Provided entries –
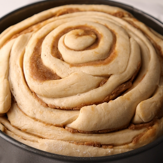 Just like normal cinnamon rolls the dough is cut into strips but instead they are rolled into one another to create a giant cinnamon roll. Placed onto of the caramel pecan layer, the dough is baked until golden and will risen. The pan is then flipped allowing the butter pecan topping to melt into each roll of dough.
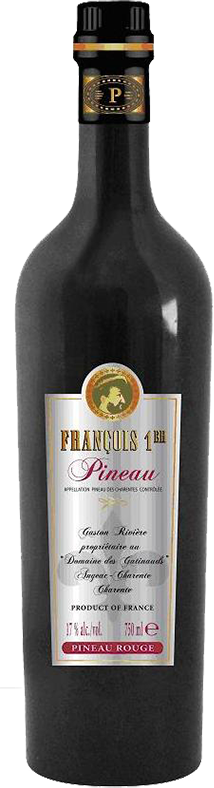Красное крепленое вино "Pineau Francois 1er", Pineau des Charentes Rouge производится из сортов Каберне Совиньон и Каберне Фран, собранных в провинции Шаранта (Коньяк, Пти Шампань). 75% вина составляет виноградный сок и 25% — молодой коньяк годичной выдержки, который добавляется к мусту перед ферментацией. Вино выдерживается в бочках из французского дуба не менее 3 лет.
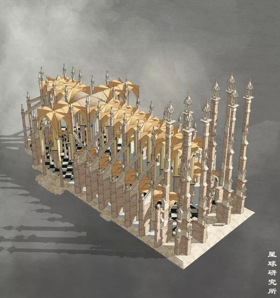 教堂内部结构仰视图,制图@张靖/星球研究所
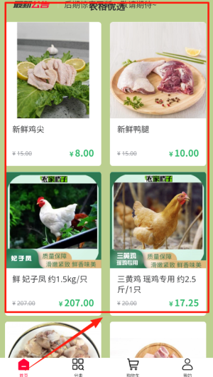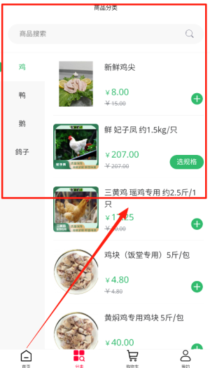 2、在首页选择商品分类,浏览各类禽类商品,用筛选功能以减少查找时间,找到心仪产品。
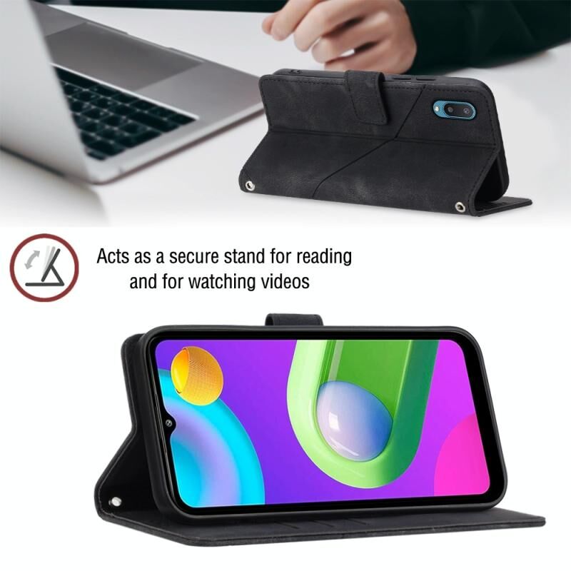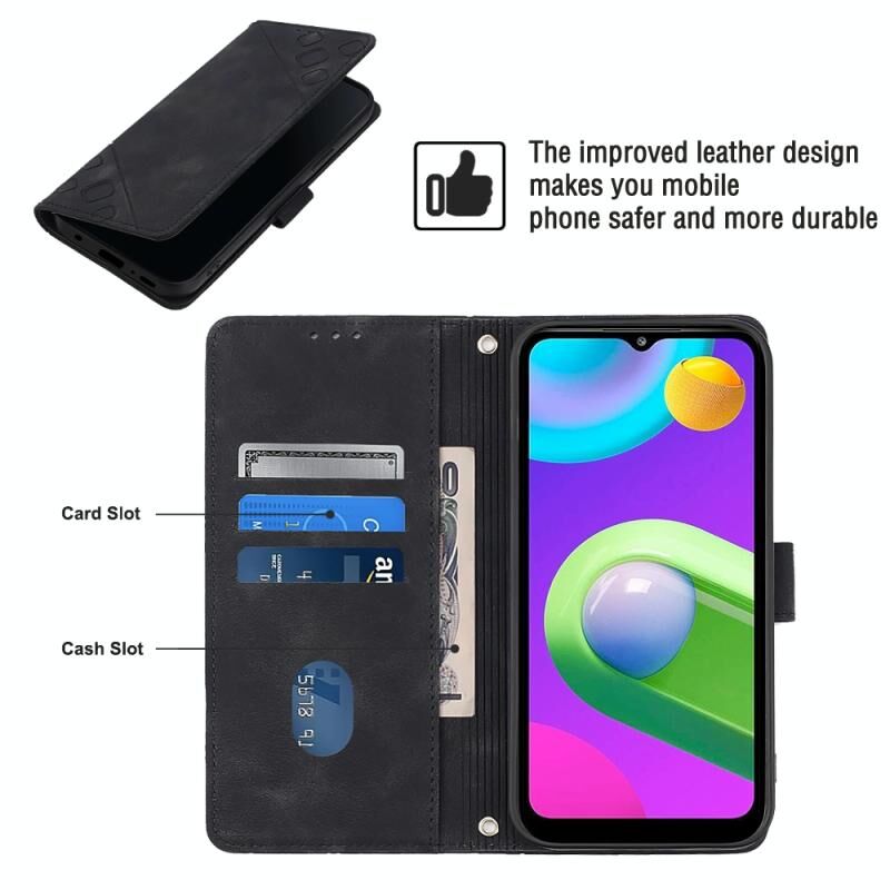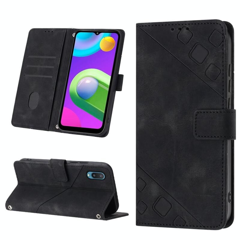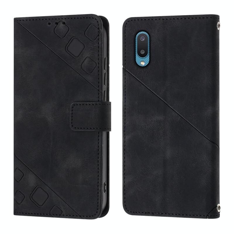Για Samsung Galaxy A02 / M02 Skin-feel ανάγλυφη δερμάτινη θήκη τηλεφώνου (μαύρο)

What you have to do – The copy should match each line above exactly and contain no images.

Response area –
 Just like normal cinnamon rolls the dough is cut into strips but instead they are rolled into one another to create a giant cinnamon roll. Placed onto of the caramel pecan layer, the dough is baked until golden and will risen. The pan is then flipped allowing the butter pecan topping to melt into each roll of dough.
Красное крепленое вино "Pineau Francois 1er", Pineau des Charentes Rouge производится из сортов Каберне Совиньон и Каберне Фран, собранных в провинции Шаранта (Коньяк, Пти Шампань). 75% вина составляет виноградный сок и 25% — молодой коньяк годичной выдержки, который добавляется к мусту перед ферментацией. Вино выдерживается в бочках из французского дуба не менее 3 лет.
 教堂内部结构仰视图,制图@张靖/星球研究所
 2、在首页选择商品分类,浏览各类禽类商品,用筛选功能以减少查找时间,找到心仪产品。
Για Samsung Galaxy A02 / M02 Skin-feel ανάγλυφη δερμάτινη θήκη τηλεφώνου (μαύρο)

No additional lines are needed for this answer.